Unveiling and Consulting Core Experts in Retrieval-Augmented MoE-based LLMs
This work addresses the underexplored internal mechanisms in LLMs for RAG systems, offering incremental improvements for knowledge-intensive AI tasks.
The paper tackled the problem of understanding internal mechanisms in Mixture-of-Expert-based LLMs that affect Retrieval-Augmented Generation (RAG) performance, and demonstrated that identifying and consulting core expert groups can improve RAG efficiency and effectiveness across various datasets and models.

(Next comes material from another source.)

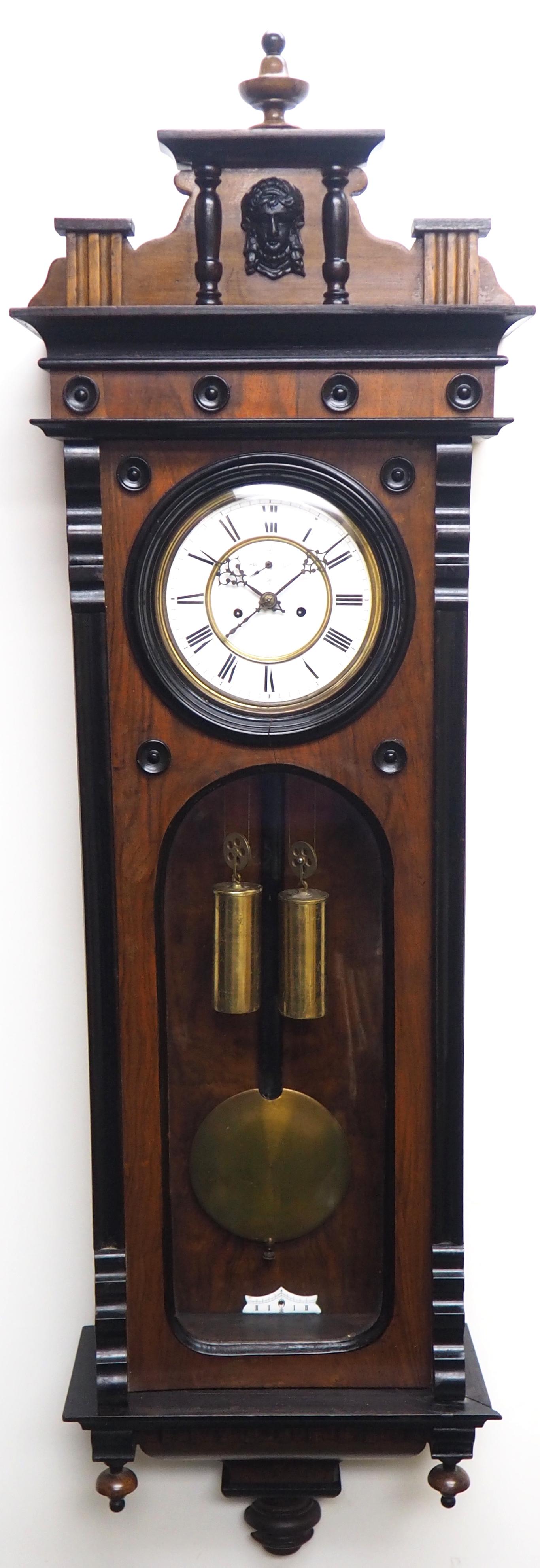 Fantastic Antique Walnut & Ebonised 8-day Twin Weight Striking Vienna Regulator Wall Clock

Retrieval-Augmented Generation (RAG) significantly improved the ability of Large Language Models (LLMs) to solve knowledge-intensive tasks. While existing research seeks to enhance RAG performance by retrieving higher-quality documents or designing RAG-specific LLMs, the internal mechanisms within LLMs that contribute to the effectiveness of RAG systems remain underexplored. In this paper, we aim to investigate these internal mechanisms within the popular Mixture-of-Expert (MoE)-based LLMs and demonstrate how to improve RAG by examining expert activations in these LLMs. Our controlled experiments reveal that several core groups of experts are primarily responsible for RAG-related behaviors. The activation of these core experts can signify the model's inclination towards external/internal knowledge and adjust its behavior. For instance, we identify core experts that can (1) indicate the sufficiency of the model's internal knowledge, (2) assess the quality of retrieved documents, and (3) enhance the model's ability to utilize context. Based on these findings, we propose several strategies to enhance RAG's efficiency and effectiveness through expert activation. Experimental results across various datasets and MoE-based LLMs show the effectiveness of our method.